TASK PROMPT: Write out the listing below exactly, and omit any images you find in it.

DATA EXCERPT:
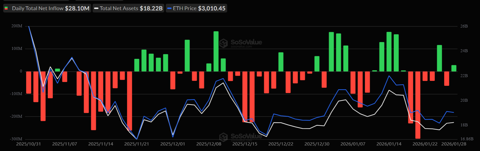 但与BTC ETF形成对比的是,美国ETH ETF在经历前日流出后,于1月28日实现超2800万美元资金流入。
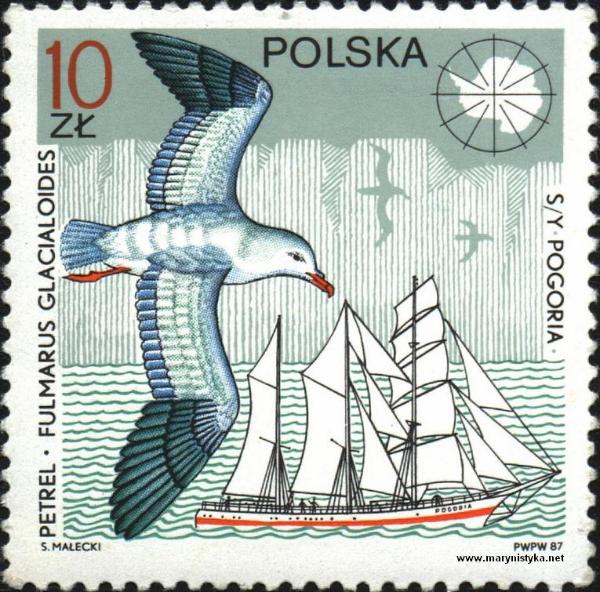 Barkentyna POGORIA na polskim znaczku pocztowym upamiętniającym dotarcie jej na wody antarktyczne.
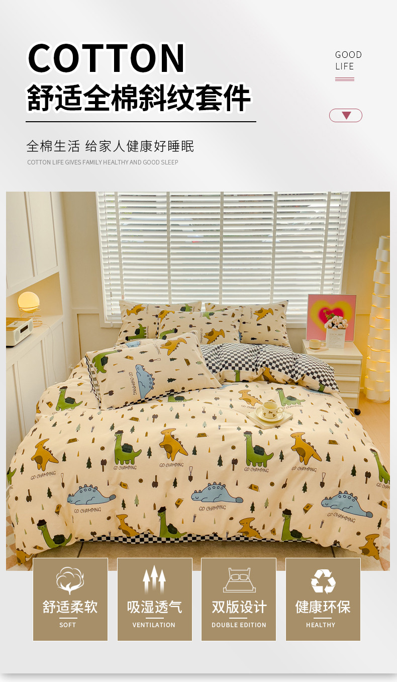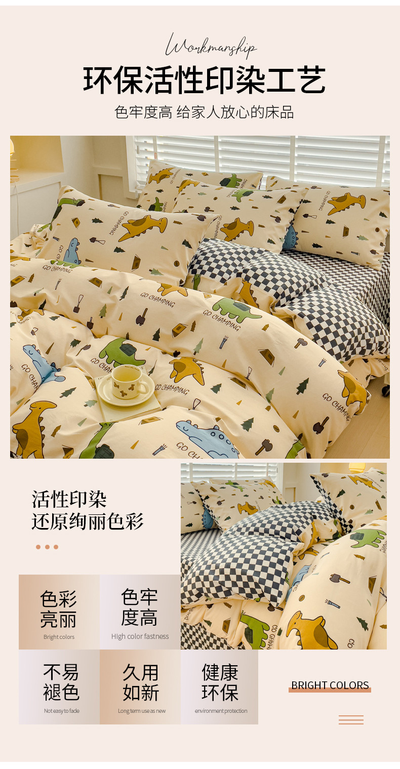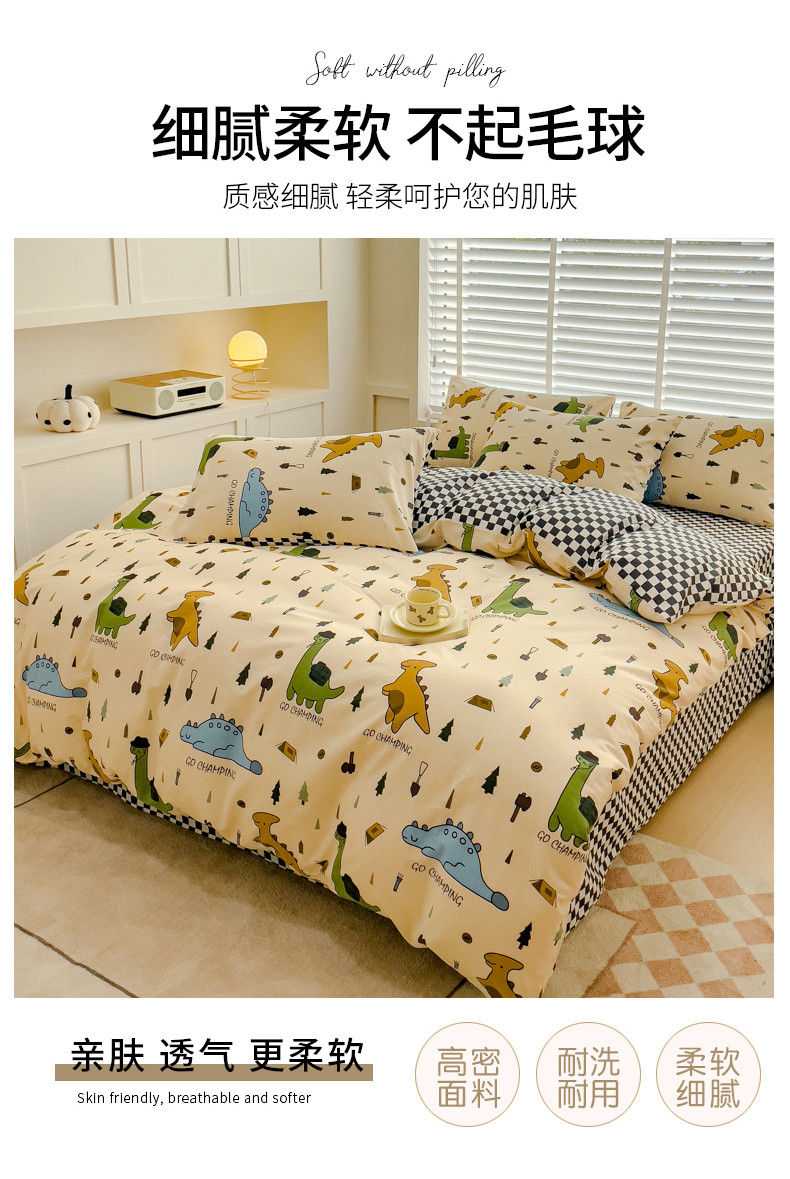 当前位置: 91家纺网 > 商品网购 > 床品套件 > 四件套 > 全棉普通四件套 > 金丝鸟 2023新款全棉可爱卡通印花小清新四件套-第一批 侏罗纪 黑格

EXPECTED ANSWER:
 但与BTC ETF形成对比的是,美国ETH ETF在经历前日流出后,于1月28日实现超2800万美元资金流入。
 Barkentyna POGORIA na polskim znaczku pocztowym upamiętniającym dotarcie jej na wody antarktyczne.
 当前位置: 91家纺网 > 商品网购 > 床品套件 > 四件套 > 全棉普通四件套 > 金丝鸟 2023新款全棉可爱卡通印花小清新四件套-第一批 侏罗纪 黑格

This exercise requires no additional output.